Analysis of potential redundancy among Arabidopsis 6-phosphogluconolactonase (PGL) isoforms in peroxisomes.

Recent work revealed that PGD2, an Arabidopsis 6-phosphogluconate dehydrogenase (6-PGD), catalyzing the third step of the oxidative pentose-phosphate pathway (OPPP) in peroxisomes, is essential during fertilization. Earlier studies on the second step catalyzed by PGL3, a dually targeted Arabidopsis 6-phosphogluconolactonase (6-PGL), reported importance of OPPP reactions in plastids but irrelevance in peroxisomes. Assuming redundancy of 6-PGL activity in peroxisomes, we examined the sequences of other higher plant enzymes. In tomato, two 6-PGL isoforms with the strong PTS1 motif SKL exist. However, their analysis revealed problems regarding peroxisomal targeting: reporter-PGL detection in peroxisomes required construct modification, which was also applied to the Arabidopsis isoforms.
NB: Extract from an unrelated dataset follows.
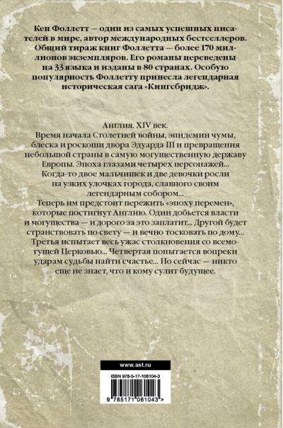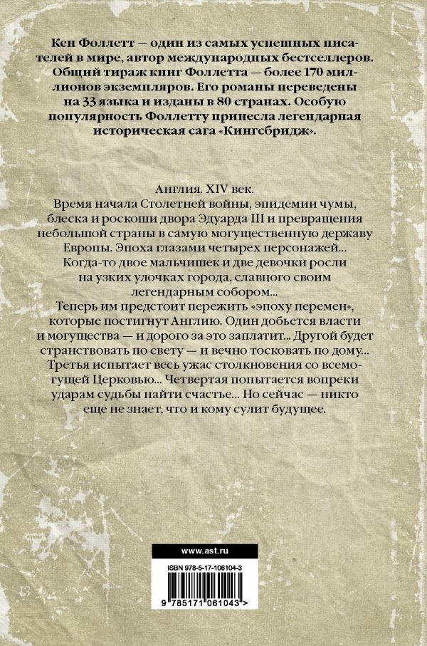 England. XIV century. The time of the outbreak of the Hundred Years' War, the plague epidemic, the splendor and luxury of Edward III's court and the transformation of a small country into the most powerful power in Europe. The era - through the eyes of four characters ... Once two boys and two girls grew up in the narrow streets of the city, famous for its legendary cathedral ... Now they are to experience the "age of change" that will befall England. One will achieve power and might - and pay dearly for it ... Another will wander the world - and forever long for home.... A third will experience the horror of confrontation with the all-powerful Church. A fourth will try to find happiness against the odds... But now - no one knows what the future holds for whom.
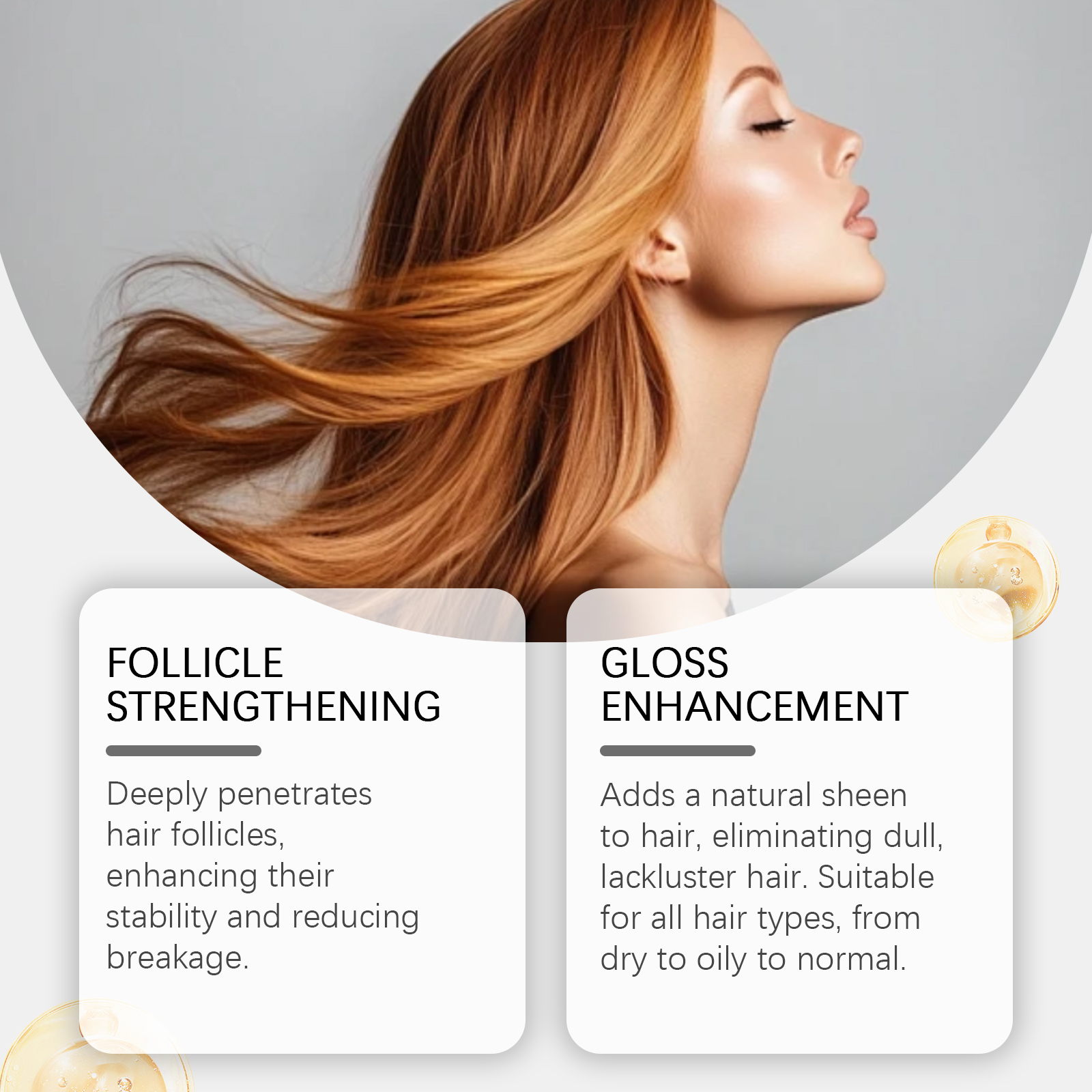 我们的保湿护发精油,由精氨酸、迷迭香提取物精心调配而成。专为深入渗透毛囊,增强其稳定性并减少断裂设计。使用方法极为便捷:1.清洁并吹干头发。2.将2-3滴精油均匀涂抹于头发上。3.轻柔按摩至吸收。并且可以为头发增添自然光泽,消除暗哑无光的发质。适用于所有发质类型,从干性到油性和正常发质皆宜。

Relative contribution of PGL3 versus PGL5 during fertilization was assessed by mutant crosses. Reduced transmission ratios were found for pgl3 1 (T-DNA-eliminated PTS1) and also for knock-out allele pgl5 2. The prominent role of PGL3 showed as compromised growth of pgl3-1 seedlings on sucrose and higher activity of mutant PGL3-1 versus PGL5 using purified recombinant proteins. Evidence for PTS1-independent uptake was found for PGL3-1 and other Arabidopsis PGL isoforms, indicating that peroxisome import may be supported by a piggybacking mechanism. Thus, multiple redundancy at the level of the second OPPP step in peroxisomes explains occurrence of pgl3 1 mutant plants.